## ASSIGNMENT
Reproduce the records below exactly from their first line through the line containing "Placer la pâte", omitting all pictures.

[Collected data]
§ §
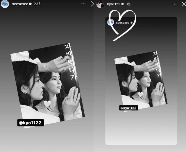 '자백의 대가' 출연 사실을 알렸던 송혜교, 한소희 인스타그램
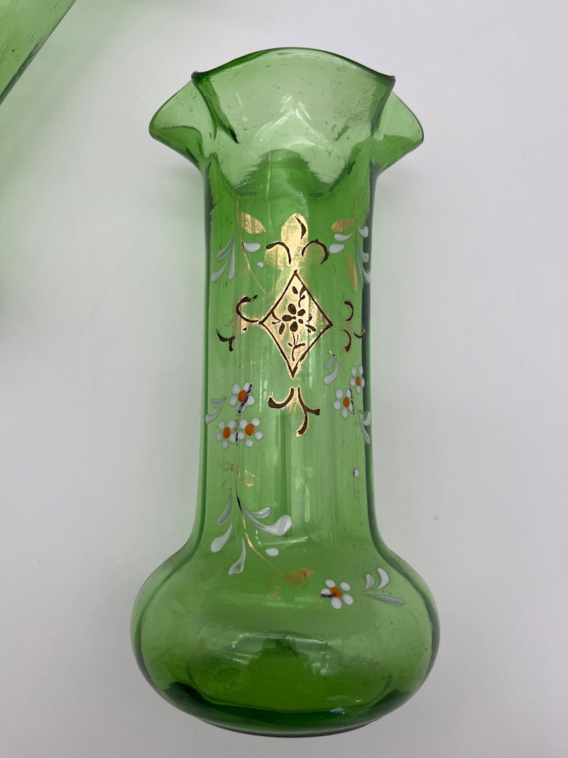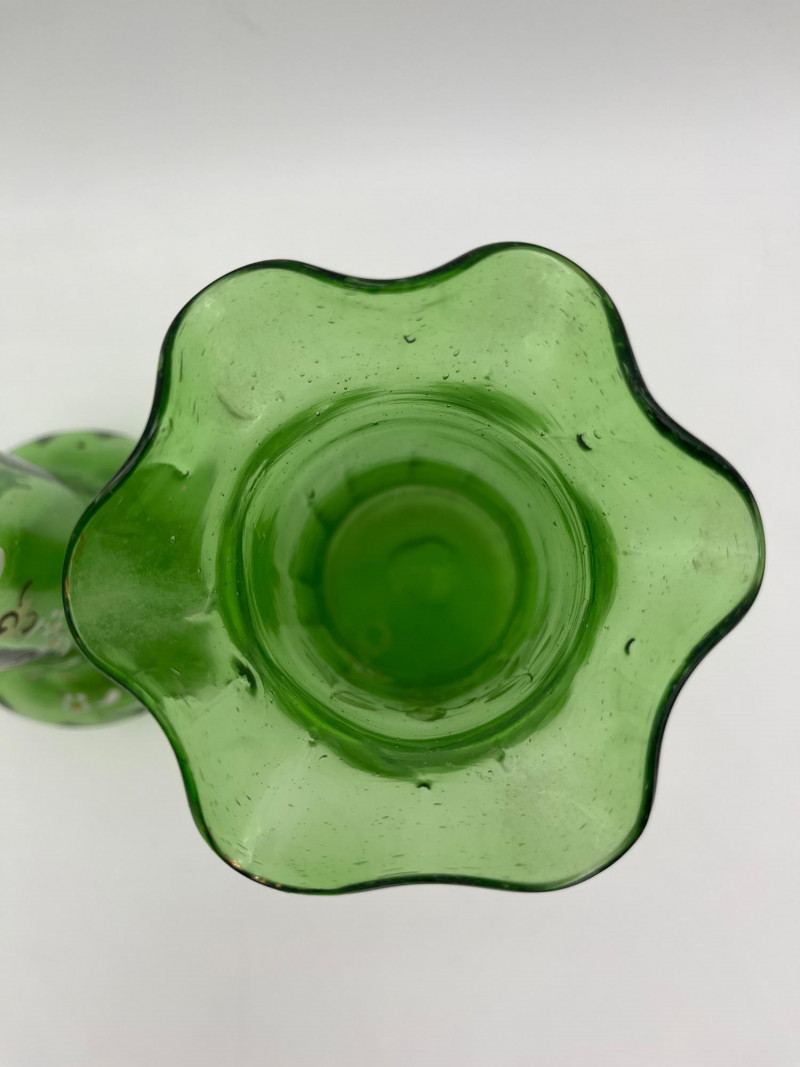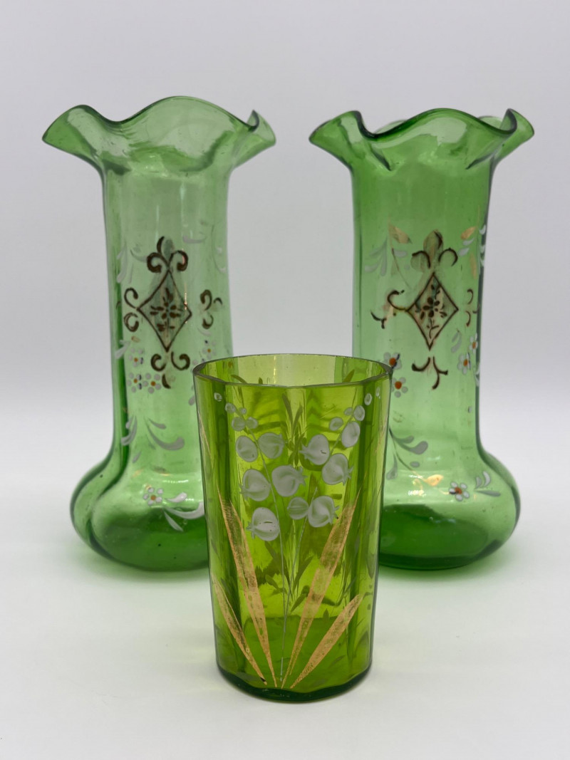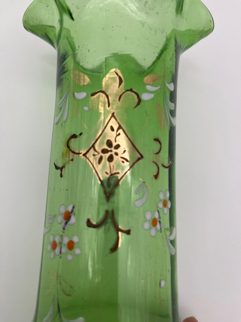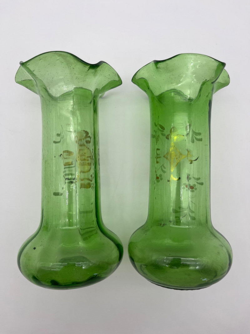 Antique Bohemian Green Ruffle Topped Vases and Drinking Glass Although these do not fluoresce as brightly as some uranium glass, this glass does get its green color from uranium. Did you know that glass makers have been tinting glass with uranium for almost 200 years?! These two vases are in the style made popular in the late 19th to early 20th century Bohemia, painted with floral designs accentuating their hand blown forms. The drinking glass is also a handmade piece but it does not fluoresce in black light like the vases do. All three pieces are in nice condition with no cracks or chips. Vases are 8" tall glass is 4" tall.
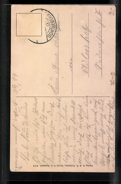 alte Ansichtskarte, gelaufen, Briefmarke entfernt, guter Zustand
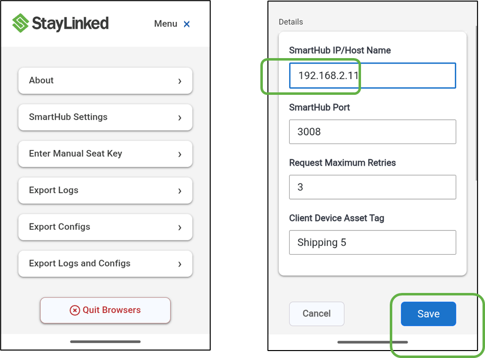 Enter the IP address of the computer hosting SmartHub. Leave the rest of the options at default and tap ‘Save’.
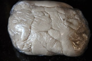 Placer la pâte dans un film alimentaire,et mettre au réfrigérateur pendant 1 heure.
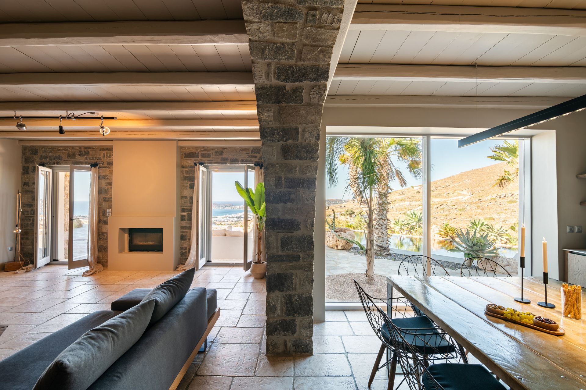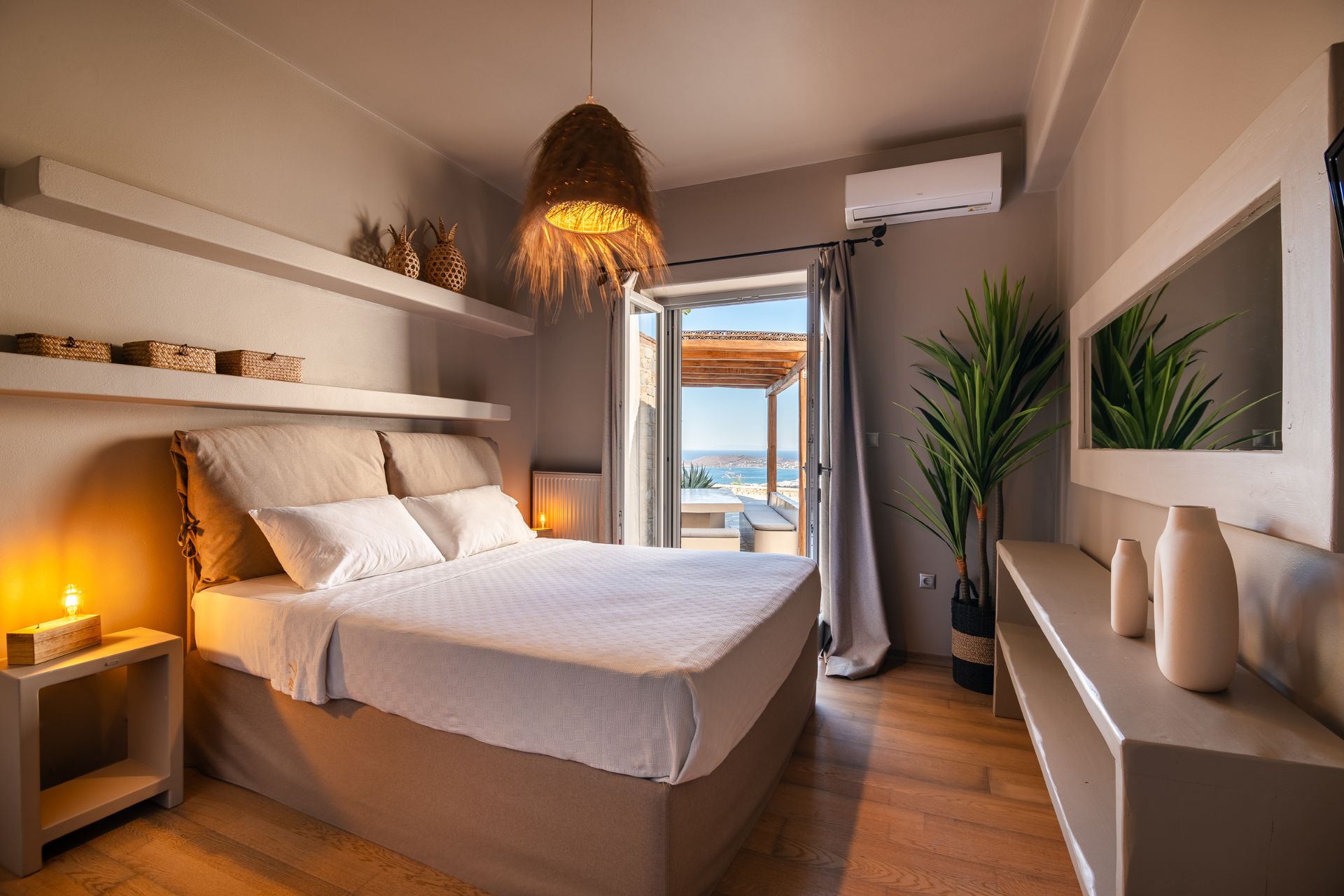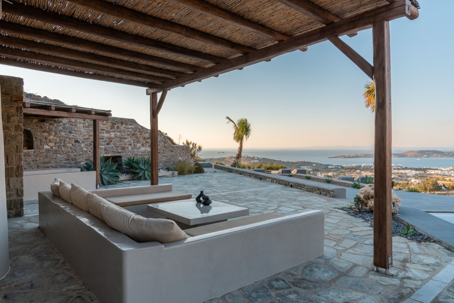 The outdoor spaces at Villa Delphinus are designed to make the most of Paros’ natural beauty. A large private pool overlooks the Aegean Sea, with a spacious sun-soaked terrace perfect for al fresco dining and lounging. Whether you choose to swim, relax by the pool, or enjoy a BBQ with your loved ones, the outdoor oasis promises unforgettable moments of relaxation with stunning sunset views over Parikia.
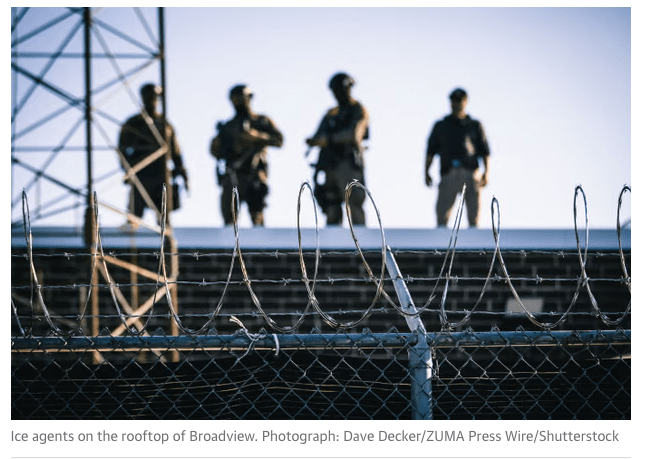 September 27, 2025, Broadview, Illinois, USA: Militarized agents for the United States Immigration and Customs Enforcement (I.C.E.) aka ICE stand guard on the roof top as the Broadview facility’s role has changed dramatically with the start of ‘OPERATION MIDWAY BLITZ’ which is the central processing facility for the operation and is scheduled to operate for 7 days a week for 45 days. (Credit Image: © Dave Decker/ZUMA Press Wire)
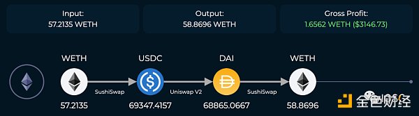 Source: odos.xyz/arbitrage如果我們有了一個開放區塊構建的 DS 市場,那么現在以太坊上的 MEV 供應鏈就會在 Rollup 上復現。其中,域內 MEV (Intradomain MEV) 指發生在 Rollup 內部的 MEV,這與以太坊 L1 的 MEV 并沒有太多差異。例如 DEX 中的三明治攻擊、跨 DEX 套利等等。因為目前 Rollup 還沒有實現 DS ,上圖以以太坊 L1 上的跨 DEX 套利作為舉例。
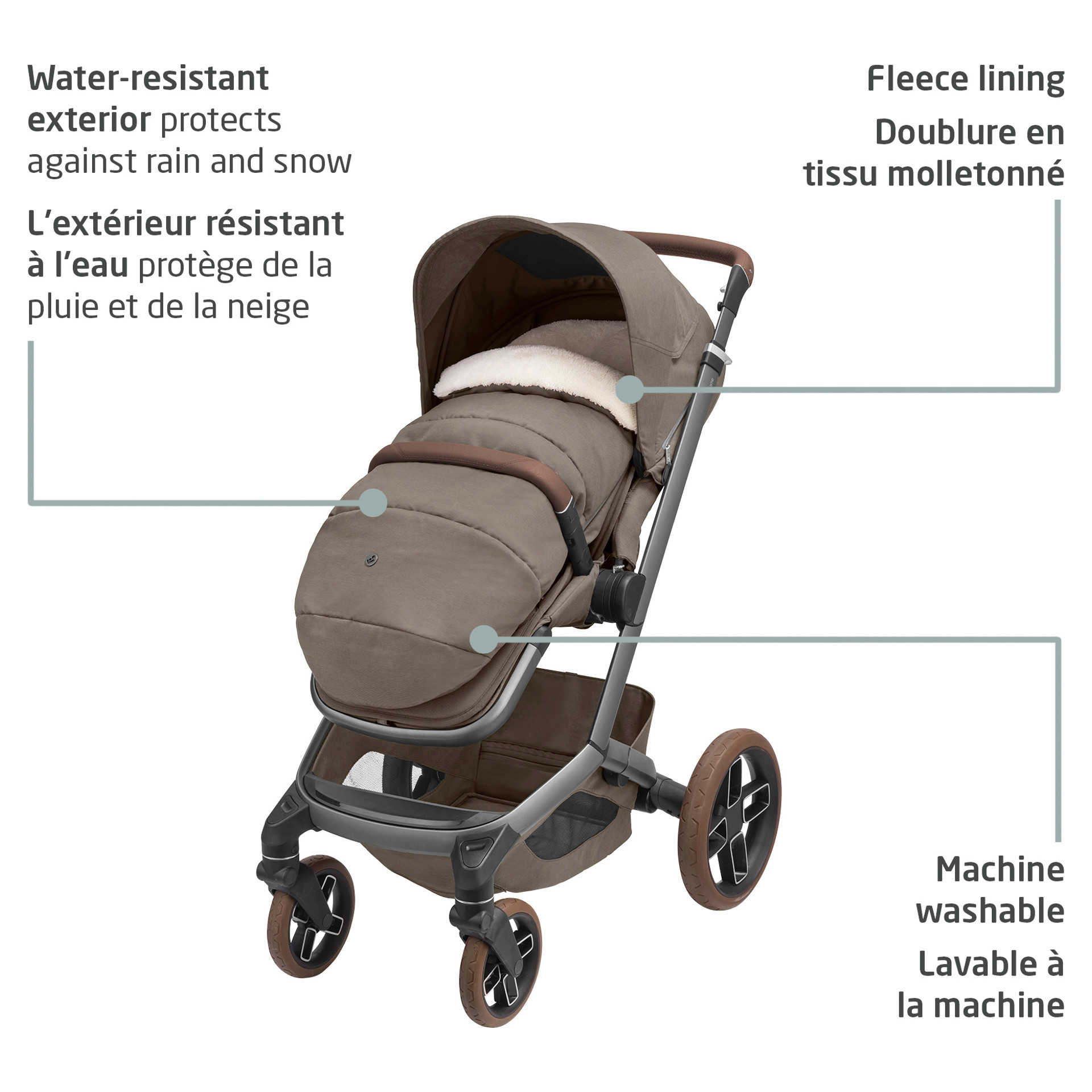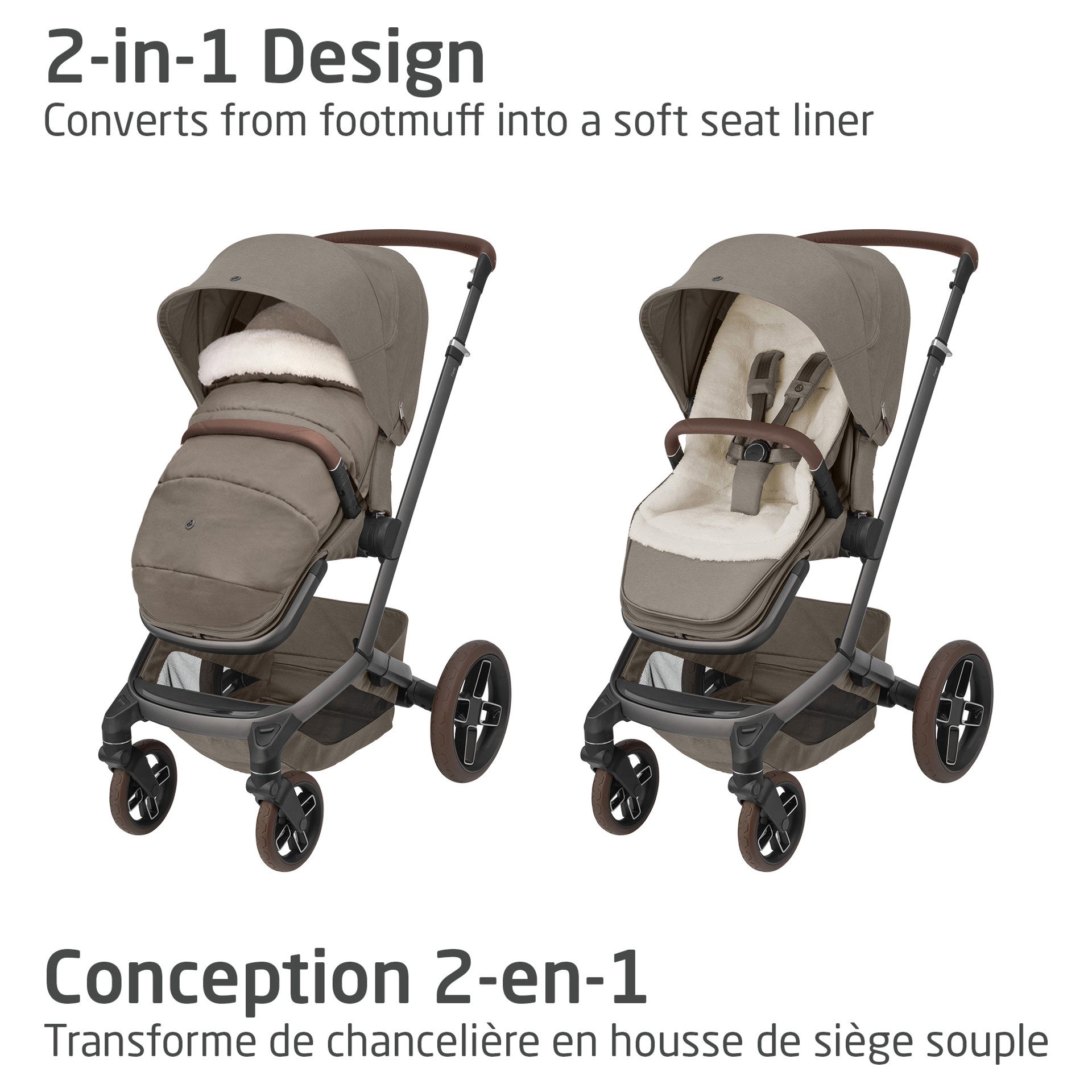 Cold, wind, rain, or snowthe Maxi-Cosi 2-in-1 Footmuff keeps your baby warm and protected through it all.
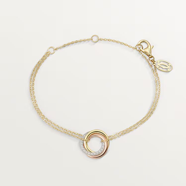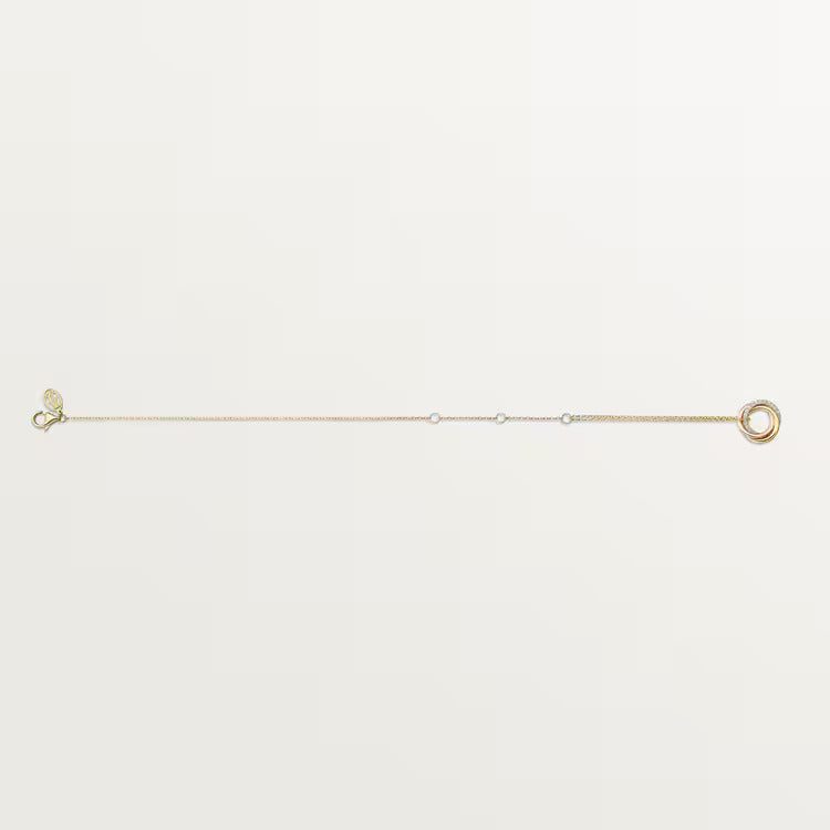 Trinity bracelet, classic model, 18K white gold (750/1000), 18K yellow gold (750/1000), 18K rose gold (750/1000), 18K yellow gold (750/1000) chain, set with 25 diamonds totaling 0.19 carats (for size 18). Adjustable chain length: 13–15 cm (for size 15) and 16–18 cm (for size 18).
§ §
## WRITTEN ANSWER
 '자백의 대가' 출연 사실을 알렸던 송혜교, 한소희 인스타그램
 Antique Bohemian Green Ruffle Topped Vases and Drinking Glass Although these do not fluoresce as brightly as some uranium glass, this glass does get its green color from uranium. Did you know that glass makers have been tinting glass with uranium for almost 200 years?! These two vases are in the style made popular in the late 19th to early 20th century Bohemia, painted with floral designs accentuating their hand blown forms. The drinking glass is also a handmade piece but it does not fluoresce in black light like the vases do. All three pieces are in nice condition with no cracks or chips. Vases are 8" tall glass is 4" tall.
 alte Ansichtskarte, gelaufen, Briefmarke entfernt, guter Zustand
 Enter the IP address of the computer hosting SmartHub. Leave the rest of the options at default and tap ‘Save’.
 Placer la pâte dans un film alimentaire,et mettre au réfrigérateur pendant 1 heure.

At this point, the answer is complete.